Requirement => Print, word for word, the line containing "Transform the garden" and all lines beneath it to the end of the entries below. Pictures do not belong in the copy.

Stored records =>
Content starts

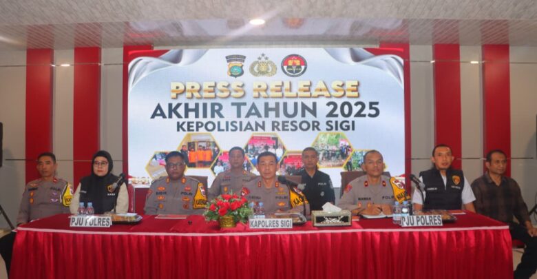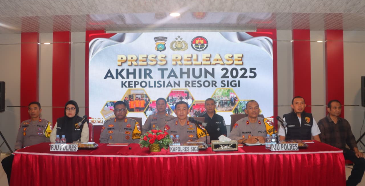 Bidiksulteng.com,SIGI – Kepala Kepolisian Resor Sigi AKBP Kari Amsah Ritonga, S.H., S.I.K., M.H. memimpin langsung Press Release Akhir Tahun 2025 Polres Sigi, didampingi Wakapolres Sigi, para Kabag, serta para Kasat Opsnal Polres Sigi dan Kasihumas Polres Sigi. Kegiatan berlangsung di Aula Sarja Arya Racana Polres Sigi, Selasa (30/12/2025).
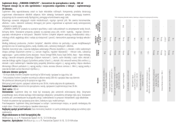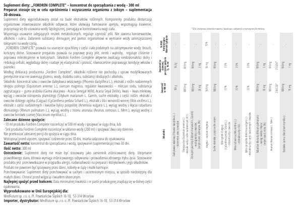 1 mg 10 mg 100 mg 25 GDU* 1000 mg Borówka czarna (Vaccinium myrtillus) 250 GDU* 5 mg 100 mg 50 mg 1000 mg Ananas (Ananas comosus L. Merr.) - 100 mg Rabarbar dłoniasty (Rheum palmatum) – wyciąg wodny z kłącza; (w tym stand. reina 5%) 1000 mg - 33 % 33 % - Bylica pospolita (Artemisia vulgaris L.) - ekstrakt suchy z części nadziemnych i kwiatów 33 % 33 % Winorośl winna (Vitis vinifera L.) - ekstrakt suchy z liści - 33 % Dziki ogórek (Caigua) (Cyclanthera pedata Schard L.) – ekstrakt suchy z owoców 33 % 1000 mg Suche ekstrakty z części roślin w tym: 100 mg 56 mg 560 mg magnez – siarczan magnezu - 2 mg 20 mg 15% 100 mg 1000 mg 10,3 g 600 mg 103 g 6000 mg Skrzyp polny (Equisetum arvense L.) - ekstrakt suchy z roślin nadziemnych (4:1) Ostropest plamisty (Silybum marianum L. Gaertn) - wyciąg wodny z owoców; (w tym stand. sylimaryna 2%) Zawartość w 100 ml Składniki: Zawartość w dziennej porcji do spożycia tj. 10 ml % RWS Referencyjna Wartość Spożycia *GDU- żelatynowa jednostka trawienia, świadcząca o aktywności enzymatycznej Bromelainy. Daktylowiec właściwy (Phoenix dactylifera L.) – koncentrat soku z owoców Suplement diety: „FORDREN COMPLETE” – koncentrat do sporządzania z wodą - 300 ml Preparat stosuje się w celu opróżnienia i oczyszczenia organizmu z toksyn – suplementacja 30-dniowa. Suplement diety wyprodukowany został na bazie ekstraktów roślinnych. Komponenty produktu dostarczają organizmowi zrównoważone składniki odżywcze, które ułatwiają hamowanie apetytu, wspomagają trawienie, przyczyniają się do usuwania wody fizjologicznej, pomagają w kontrolowaniu wagi ciała. Wspomaga usuwanie zalegających resztek metabolicznych, reguluje czynność jelit. Nie zawiera konserwantów, alkoholu i cukru. Zadaniem substancji drenującej jest pomoc organizmowi w wymianie wody zanieczyszczonej toksynami na wodę czystą. „FORDREN COMPLETE” pozwala na usunięcie opuchlizny z części ciała podatnych na zatrzymywanie wody: brzuch, kończyny dolne. Stosowanie preparatu pozwala na poprawę pracy jelit, nerek i wątroby, reguluje ciśnienie i poprawia mikrokrążenie w kończynach. Składniki Fordren Complete aktywnie zwalczają niedoskonałości skóry i redukują cellulit, wygładzają skórę i nadaje jej elastyczność i jasność, równocześnie poprawiając kondycję włosów i paznokci. Według deklaracji producenta „Fordren Complete”, składniki roślinne nie pochodzą z upraw modyfikowanych genetycznie oraz nie zawierają glutenu, wody, dodatku cukru, substancji słodzących i alkoholu. Składniki: koncentrat soku z owoców daktylowca właściwego (Phoenix dactylifera L.), ekstrakt z roślin nadziemnych skrzypu polnego (Equisetum arvense L.), siarczan magnezu, regulator kwasowości – mleczan sodu, substancja zagęszczająca – guma arabska (Guma akacjowa - Acacia Senegal Willd, Acacia Seyal Delile), kwas – kwas mlekowy, wyciąg z owoców ostropestu plamistego (Silybum marianum L. Gaertn, suche ekstrakty z części roślin: ekstrakt z owoców dzikiego ogórka (Caigua) (Cyclanthera pedata Schard L.), ekstrakt z liści winorośli winnej (Vitis vinifera L.), ekstrakt z części nadziemnych i kwiatów bylicy pospolitej (Artemisia vulgaris L.), wyciąg wodny z kłącza rabarbaru dłoniastego (Rheum palmatum L.), wyciąg wodny z trzonu ananasa (Ananas comosus L. Merr.), wyciąg wodny z owoców borówki czarnej (Vaccinium myrtillus L.). Zalecane dzienne spożycie: - 10 ml produktu Fordren Complete rozcieńczyć w 500 ml wody i spożywać w ciągu dnia, lub - 5ml produktu Fordren Complete rozcieńczyć w szklance wody (200 ml) i spożywać dwa razy dziennie. Nie przekraczać zalecanej porcji do spożycia w ciągu dnia. Wstrząsnąć przed użyciem, spożywać codziennie przez 30 dni, miarka załączona do opakowania. Zawartość netto: koncentrat do sporządzania z wodą, spożywanie (suplementacja) trwa 30 dni. Ilość netto: 300 ml Ostrzeżenie: Suplement diety nie może być stosowany jako zamiennik zróżnicowanej diety. Utrzymanie prawidłowego stanu zdrowia wymaga zróżnicowanego odżywiania i prowadzenia zdrowego trybu życia. Stosowanie produktu jest przeciwwskazane w przypadku alergii, nadwrażliwości na preparat i którykolwiek z jego składników. Produkt nie powinien być spożywany przez dzieci, kobiety w ciąży i matki karmiące. Przechowywanie: Suplement diety przechowywać w suchym i zaciemnionym miejscu, w sposób niedostępny dla małych dzieci. Chronić przed wilgocią i światłem słonecznym. Najlepiej spożyć przed końcem: Data minimalnej trwałości i nr partii produkcyjnej znajdują się w dolnej części opakowania. Wyprodukowano w Unii Europejskiej dla: MedFuture sp. z o. o. Pl. Powstańców Śląskich 16-18, 53-314 Wrocław Importer, dystrybutor: MedFuture sp. z o. o. Pl. Powstańców Śląskich 16-18, 53-314 Wrocław
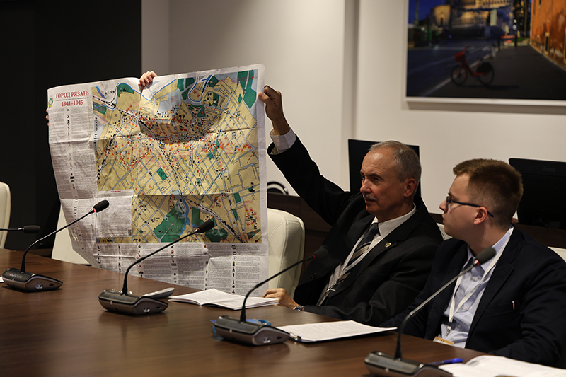 Краевед, член Рязанского отделения Всероссийской общественной организации ветеранов «Боевое братство» Арсен Валентинович Бабурин рассказал о своем проекте по изготовлению 3D-макетов утраченных православных храмов г. Рязани, заметив, что в годы Великой Отечественной войны многие бывшие храмы были наблюдательными пунктами при налетах вражеской авиации. Большой интерес вызвали представленные им карты обороны Рязани, которые 9 мая этого года были переданы во все школы города.
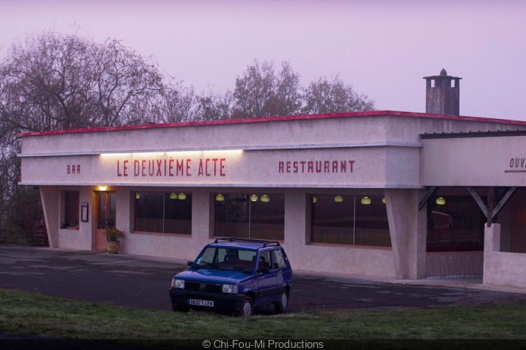 Comme dans Yannick, se mêle à la satire un malaise progressif. Il nait d’abord des lieux du film : une route de campagne solitaire et entourée de forêt qui aboutit au milieu de nulle part, où a surgi de terre un bar restaurant. Ensuite, de la manière dont Dupieux brise le quatrième mur : les acteurs se savent filmés et s’adressent parfois à une équipe invisible puisque le film se présente comme une première prise de vue sans montage, mêlant le champ et le hors champ, le film dans le film et le journal de son tournage, sans que l’on sache au début ce qui appartient à l’un ou à l’autre. Puis, de l’écart existant entre l’égotisme des comédiens, entièrement préoccupés d’eux-mêmes, et la crise de panique du figurant devant verser du vin dans leur verre : saisi d’un tremblement compulsif, les yeux rougis par la honte et les pleurs, il n’y parvient pas. Ce qui devrait être pour lui un moment de joie (il voit en vrai ses idoles), devient la plus grande humiliation de sa vie, les acteurs finissant par se moquer de lui. Enfin, de l’idée suivante : si les comédiens mélangent ainsi dialogues du film dans le film et digressions les faisant sortir de leur rôle sans que le réalisateur ne les interrompe, c’est parce que ce dernier est une intelligence artificielle absente du tournage. Non seulement rien de ce que nous voyons n’existe réellement – sauf pour le figurant qui prend tout cela au sérieux – mais en plus cela n’a pas été inventé par l’homme qui en est devenu le jouet.
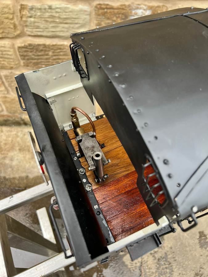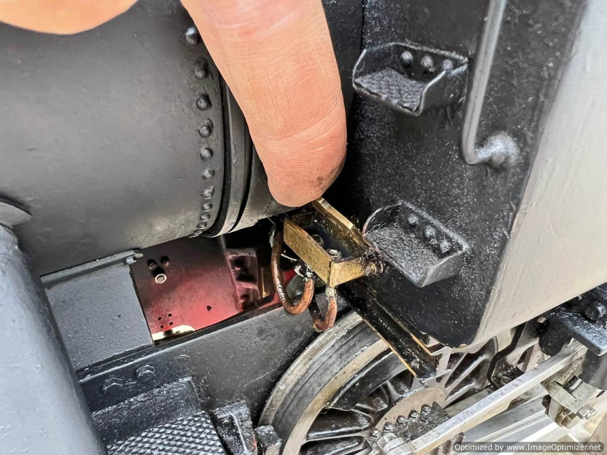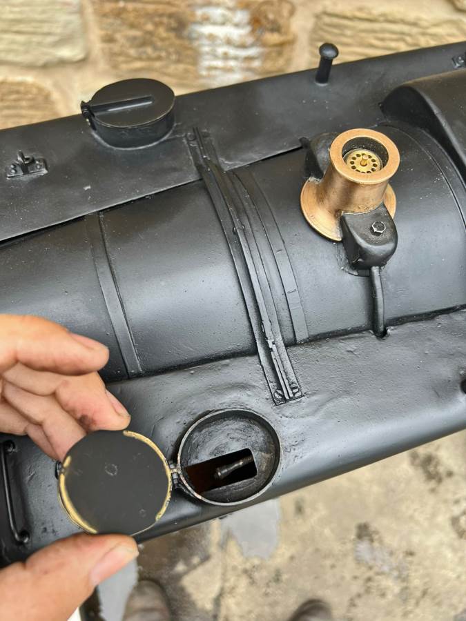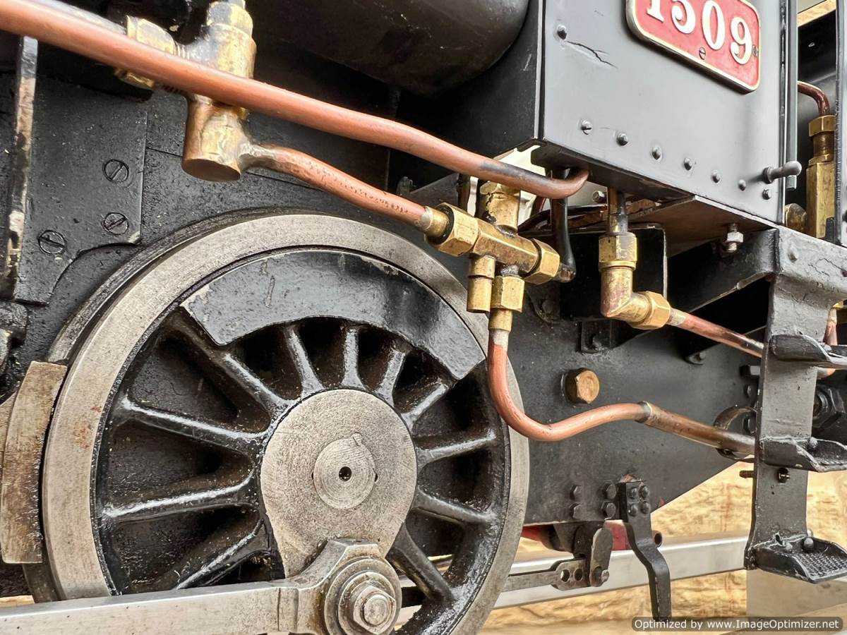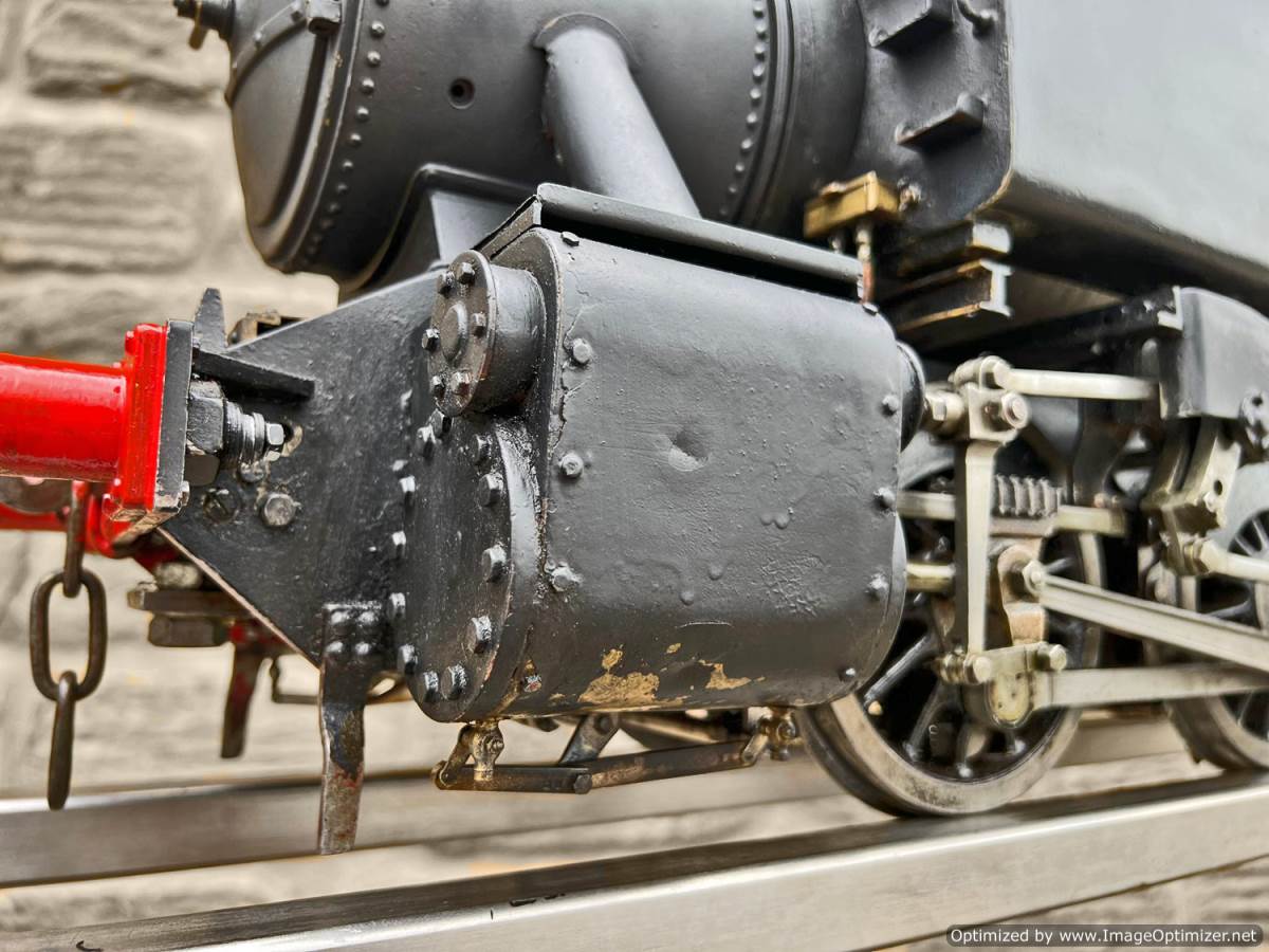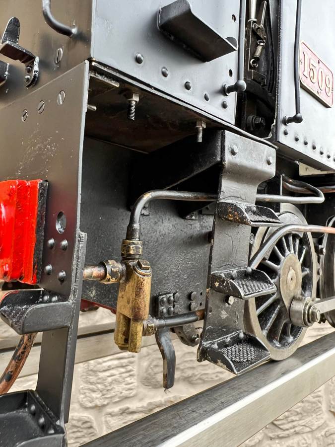 There are two injectors fitted, one being a Chiverton vertical the other a horizontal. There is an axle pump with footplate mounted bypass and over flow visible in the filler on the pannier tank, and there is also a hand pump on the footplate. Lubrication is mechanical and tucked under the front running board. There's even a steam brake fitted, although the chances of that working in any meaningful way are limited! All in all a decent and powerful model that you can enjoy without worrying about chipping the paint with your shovel!
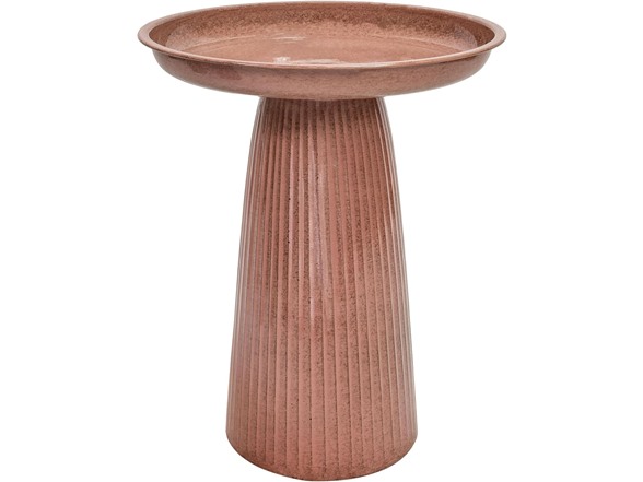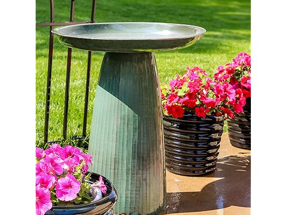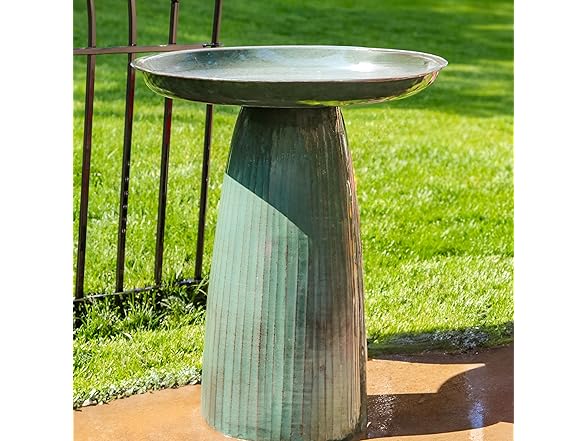Transform the garden into a serene oasis with an exquisite metal birdbath. Crafted with meticulous attention to detail, this shallow bird bath is a true masterpiece of form and function. Its iron construction not only exudes durability but also adds an elegant touch to any outdoor space, creating a focal point that's both inviting and visually stunning. The UV-protected and rust-resistant finish is a testament to its longevity and low-maintenance nature. This means the bird bath for outside will remain vibrant even when exposed to the elements. Assembly is quick and simple with its convenient 2-piece design—just secure the bowl to the pedestal and it’s ready to enjoy. Place the outdoor bird bath bowl in a shaded location to prevent the metal bowl from heating too much in the sun. This bird bath isn't just a decorative addition; it's an open invitation to nature's finest visitors. Birds of all kinds will flock to enjoy a refreshing splash or a leisurely drink, adding a delightful symphony of chirps and colors to any garden. It's a tranquil haven for both feathered friends and garden enthusiasts alike. Let this pedestal bird bath be the centerpiece of any outdoor sanctuary, a place where nature and artistry seamlessly converge.
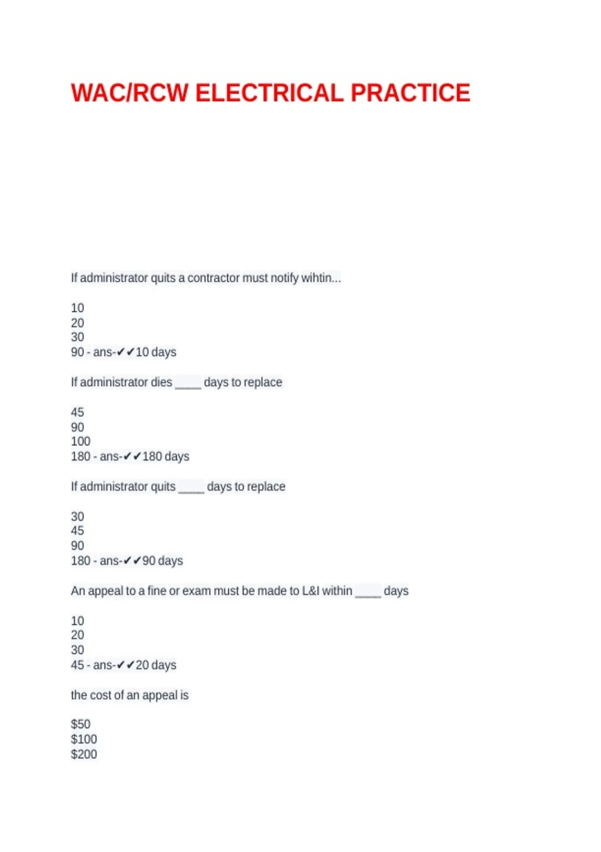 WAC/RCW ELECTRICAL PRACTICE

Content ends

Your solution =>
Transform the garden into a serene oasis with an exquisite metal birdbath. Crafted with meticulous attention to detail, this shallow bird bath is a true masterpiece of form and function. Its iron construction not only exudes durability but also adds an elegant touch to any outdoor space, creating a focal point that's both inviting and visually stunning. The UV-protected and rust-resistant finish is a testament to its longevity and low-maintenance nature. This means the bird bath for outside will remain vibrant even when exposed to the elements. Assembly is quick and simple with its convenient 2-piece design—just secure the bowl to the pedestal and it’s ready to enjoy. Place the outdoor bird bath bowl in a shaded location to prevent the metal bowl from heating too much in the sun. This bird bath isn't just a decorative addition; it's an open invitation to nature's finest visitors. Birds of all kinds will flock to enjoy a refreshing splash or a leisurely drink, adding a delightful symphony of chirps and colors to any garden. It's a tranquil haven for both feathered friends and garden enthusiasts alike. Let this pedestal bird bath be the centerpiece of any outdoor sanctuary, a place where nature and artistry seamlessly converge.
 WAC/RCW ELECTRICAL PRACTICE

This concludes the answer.